The two brothers, despite their appearances and different levels of success, are two sides of the same coin. The difference between the two men is, Mat’s problems are more apparent on the outside. Take one look at the guy and his baggage is obvious. He doesn’t try to mask his flaws, unlike his brother. The film is a riveting portrait of how people accept or ignore their problems.
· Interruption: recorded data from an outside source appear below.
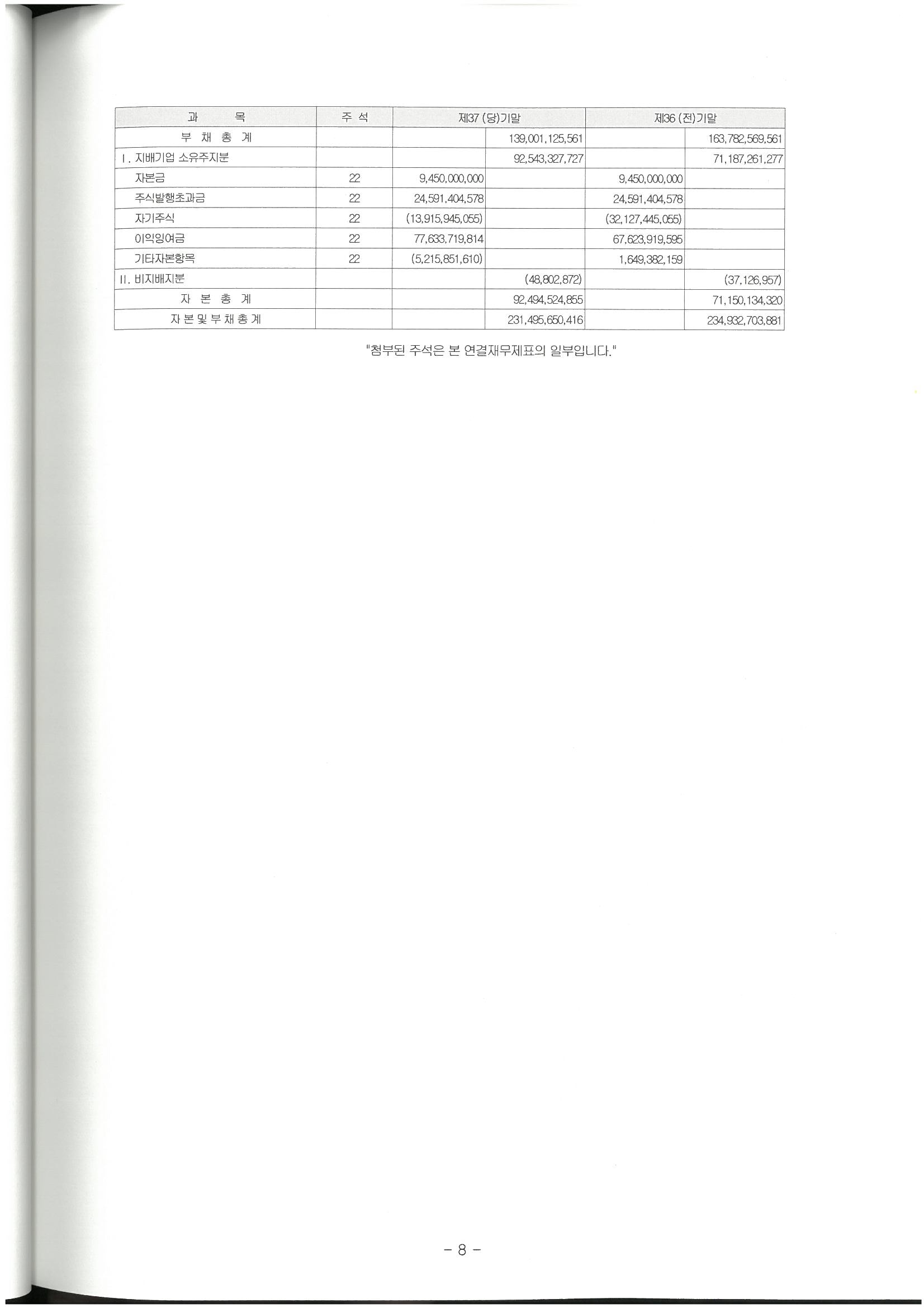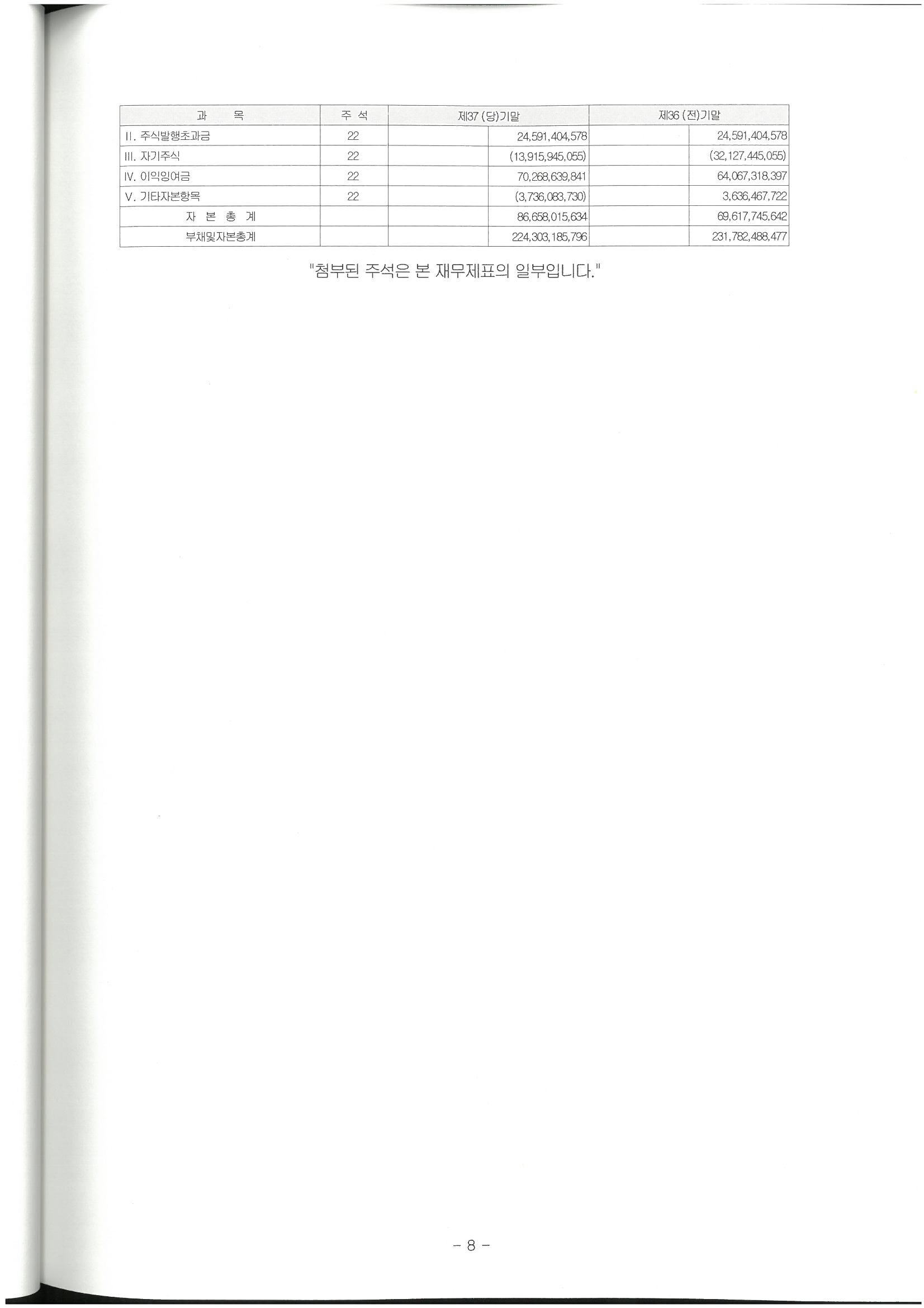 제37기 주식회사 모두투어네트워크 결산공고 [재무상태표]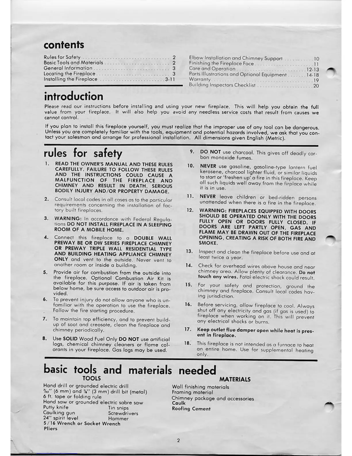 Preway BE41 - Contents; Safety Rules; Basic Tools and Materials Needed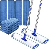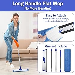Microfiber Mop Set: you will get 1 set flat mops for floor cleaning, each set is equipped with 4 washable replacement pads, so you totall 4 pieces replacement pads and 1 flat mop Clean With Ease: our microfiber mop floor cleaning system has a large base about 18 inches, you can clean larger area with less effort; It is suitable for indoor and business use, like home, cafe, yoga studios, stadiums, offices and schools, and is ideal for moving dirt, dust and hair Adjustable Handle: our commercial mop for floor cleaning are designed with 3 section metal pole, and the height can be adjusted from about 32 to 47.2 inches, which is ideal and practical to match your needs, you can adjust the height as you need Humanized Design: our flat mop for hardwood floor has 360 degree rotation head, suitable for cleaning furniture, cabinets and other hard to reach areas like under sofas and walls; The mop handle is made of stainless steel, and the head is made of solid aluminum alloy, supporting you for a long time Machine Washable Replacement Pads: the wet and dust mop have washable replacement pads; These floor mop pads are reusable, can be cleaned, refilled, and replaced, can be easily attached to the mop head, and can be removed and cleaned quickly and easily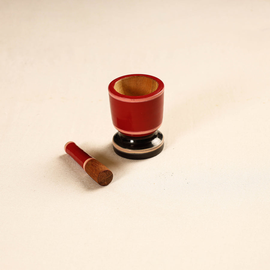 This handcrafted wooden mortar and pestle set is made of babool wood with lacquered colours. This set meticulously handcrafted by skilled artisans from the Vadha community in villages like Nirona and Jura. They begin by selecting babool wood, which is known for its durability and strength. Layers of coloured lacquer are applied to the wood, and intricate designs and effects are chiselled to create a stunning visual appeal.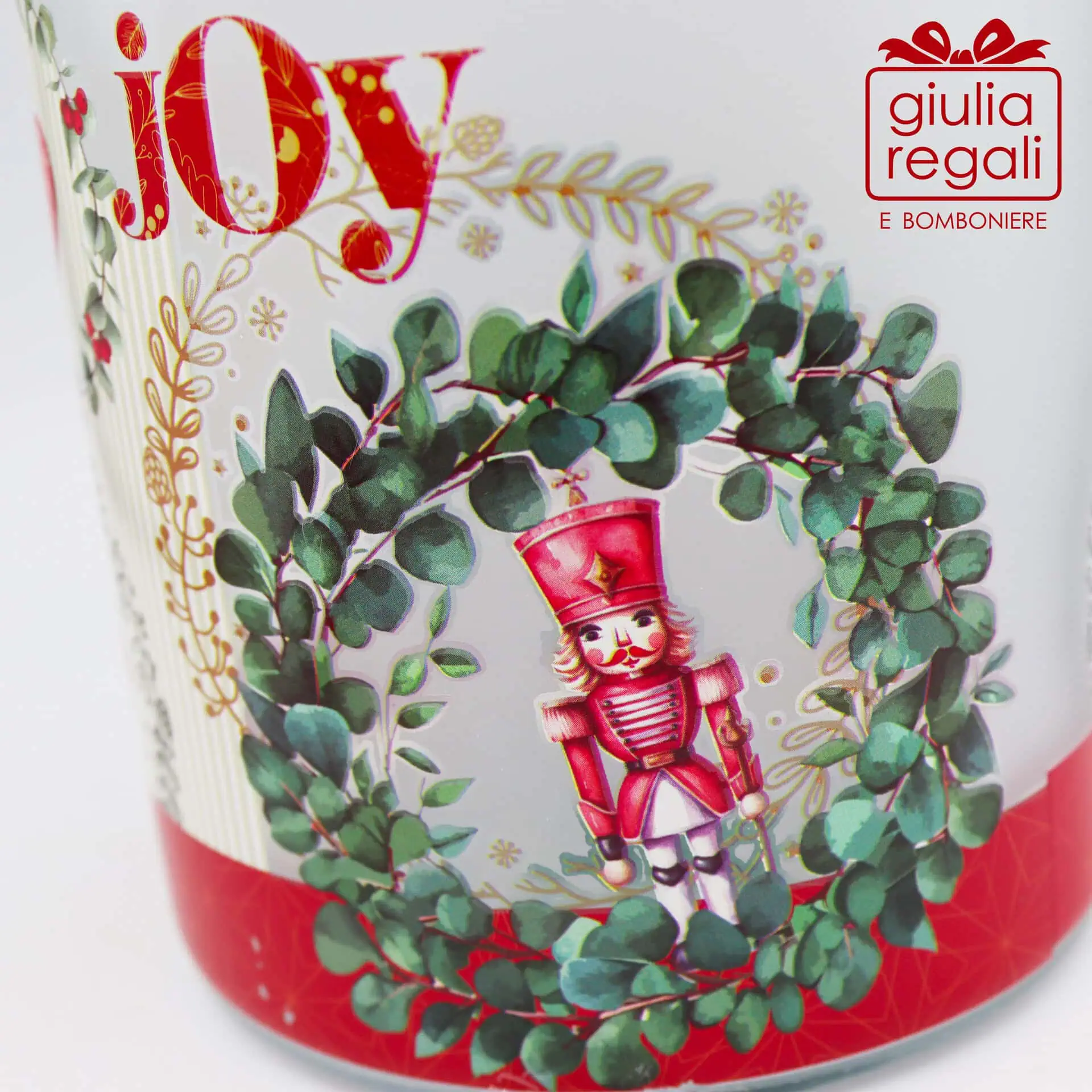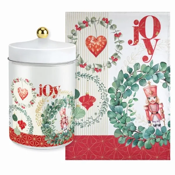 Set Wald con barattolo in ceramica e strofinaccio a tema ghirlande e soldatino schiaccianoci. Elegante idea regalo per la cucina con confezione illustrata.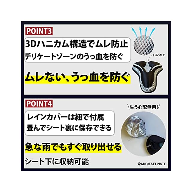 【レインカバーは紐で付属、急な雨にもすぐ対応できる】 付属のレインカバーは紐で簡単に装着でき、急な雨にも素早く対応可能。自転車やエアロバイクでのアウトドア使用でも、安心してサドルカバーをお使いいただけます。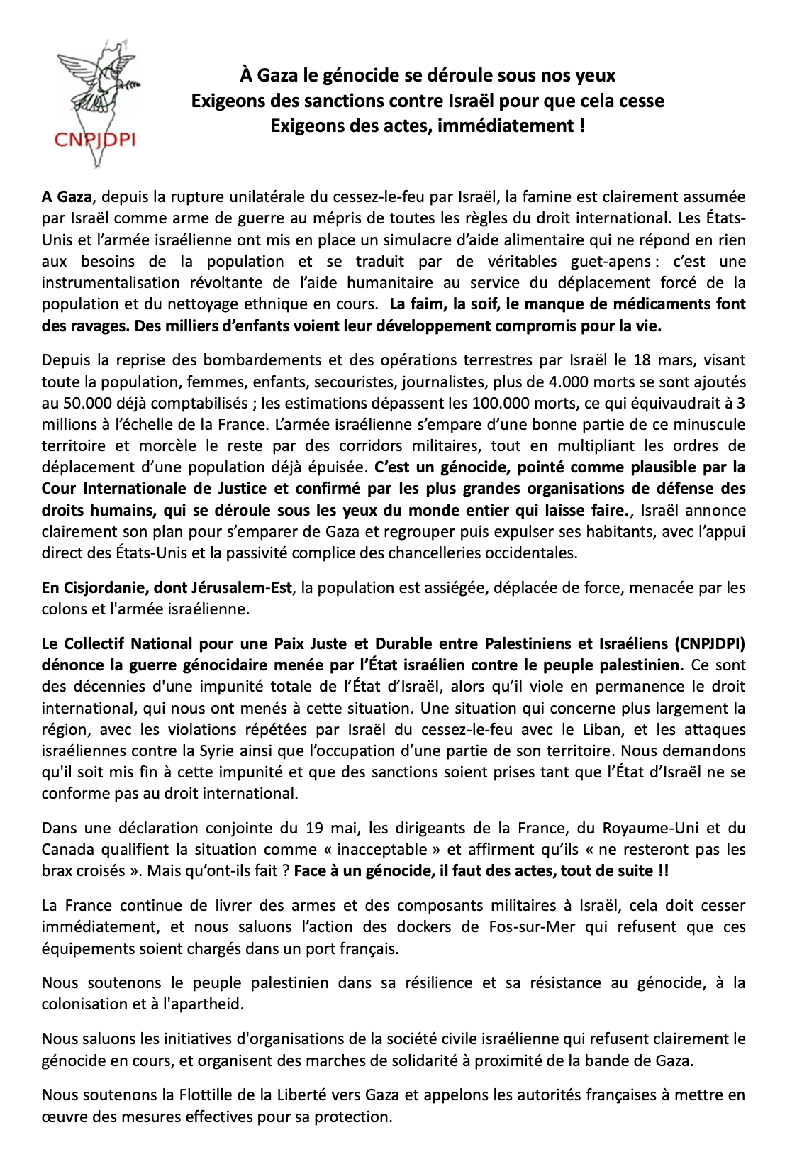 Le Collectif National pour une Paix Juste et Durable entre Palestiniens et Israéliens (CNPJDPI) dénonce la guerre génocidaire menée par l’État israélien contre le peuple palestinien. Ce sont des décennies d'une impunité totale de l’État d’Israël, alors qu’il viole en permanence le droit international, qui nous ont menés à cette situation. Une situation qui concerne plus largement la région, avec les violations répétées par Israël du cessez-le-feu avec le Liban, et les attaques israéliennes contre la Syrie ainsi que l’occupation d’une partie de son territoire. Nous demandons qu'il soit mis fin à cette impunité et que des sanctions soient prises tant que l’État d’Israël ne se conforme pas au droit international.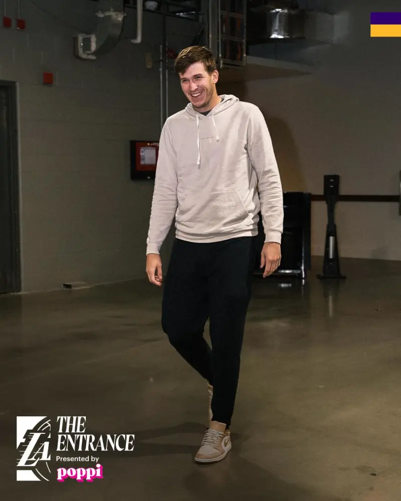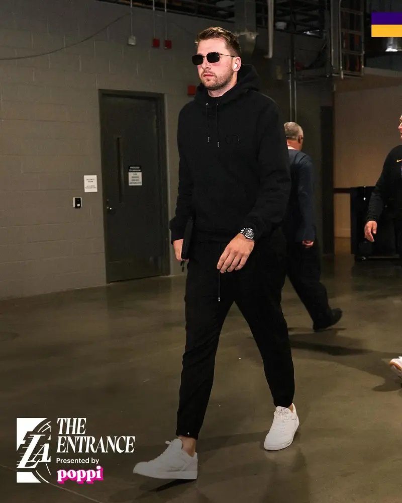 賽前,賽場(chǎng)瞬間湖人社媒分享球員步入比賽場(chǎng)館的瞬間,盧卡-東契奇、奧斯汀-里夫斯等球員出鏡。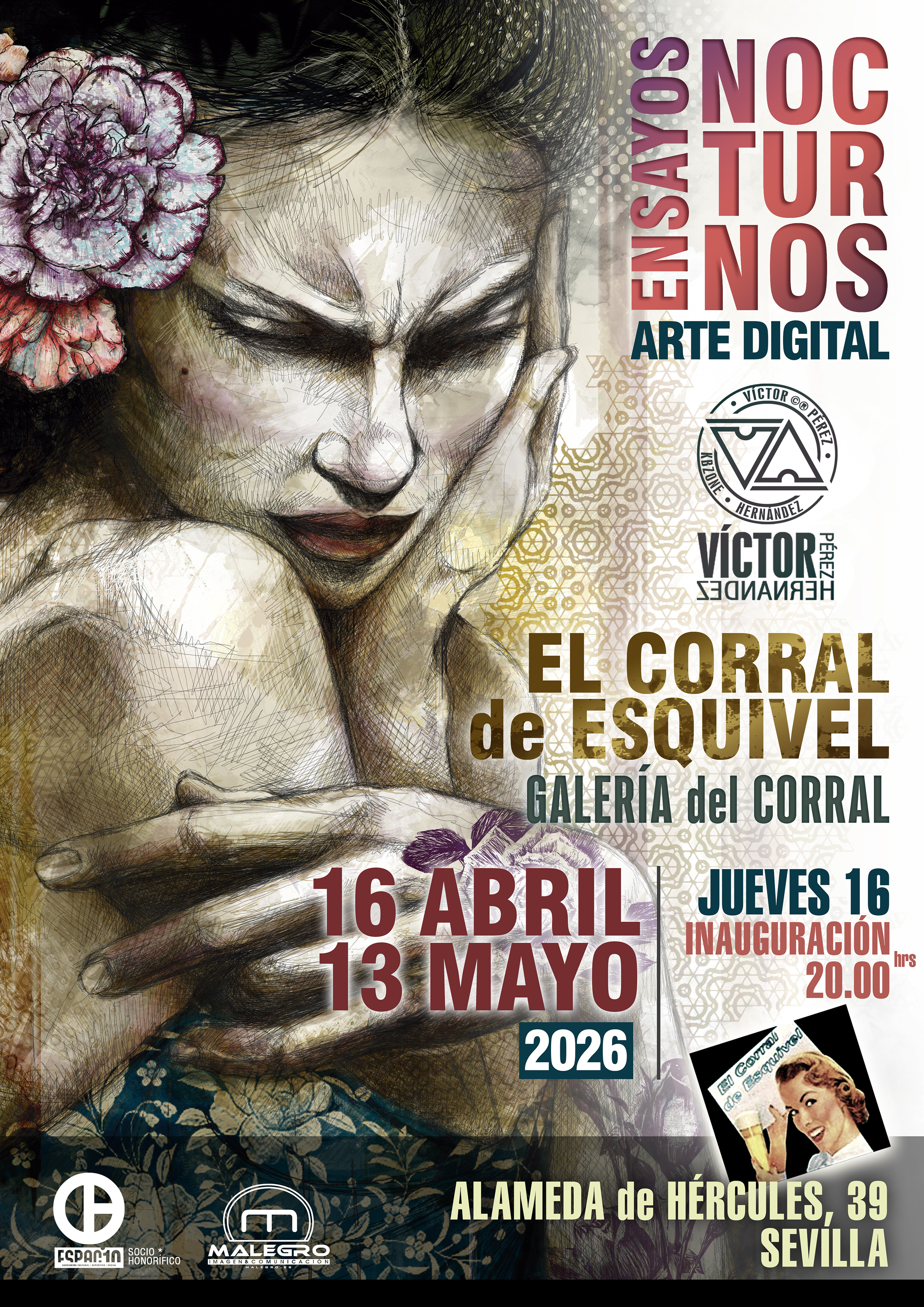 Estimados señoras/es, Nos complace invitarle a la inauguración de la Exposición "Ensayos Nocturnos" una muestra que reúne una selección de obras donde la ilustración, la experimentación técnica y la búsqueda de significado dialogan entre lo tradicional y lo digital. Será un placer contar con su presencia en este encuentro dedicado al arte, la creatividad y el intercambio cultural. Fechas de exposición Del 16 de abril al 13 de mayo de 2026 Inauguración 16 de abril a partir de las 20:00 h * Durante la inauguración se ofrecerá una consumición de cortesía y postales de regalo hasta fin de existencias. Horario de visita De 12:00 h a 01:00 h De lunes a domingo Semana de Feria Cerrado Espero poder saludaros personalmente y compartir con ustedes esta nueva muestra expositiva que engloba el trabajo de unos 5 años. Atentamente, Víctor Pérez Hernández

The relationship between Mat and Alan can go from love to hate overnight, which anyone with a brother should relate to. One minute The Mend is hilarious, the next it’s unnerving. This movie is too wild to put into a box. This isn’t really a drama, a comedy, or a dramedy. The Mend, while being hilarious, is something else entirely. 25 minutes of the movie takes place at Alan’s party, and like all parties worth going to, it’s joyous, uncomfortable, and ends up being a bit of a trainwreck. If 25 minutes of mixed emotions taken to the extreme doesn’t sound appealing, then how does almost two hours of that sound? Because that’s The Mend.
John Magary has made an uproarious assault on the senses, using everything from the sounds of New York, some nightmarish cinematography, and abrupt transitions to get under the audience’s skin. To sweeten the deal, the film contains by Josh Lucas’ finest performance to date. Lucas has always been an actor with serious talent, but he’s never quite gotten his due. The Mend shows him at his most present and alive. It’s an electric performance in an electrifying film.
She’s Funny That Way and The Mend are now playing in limited release.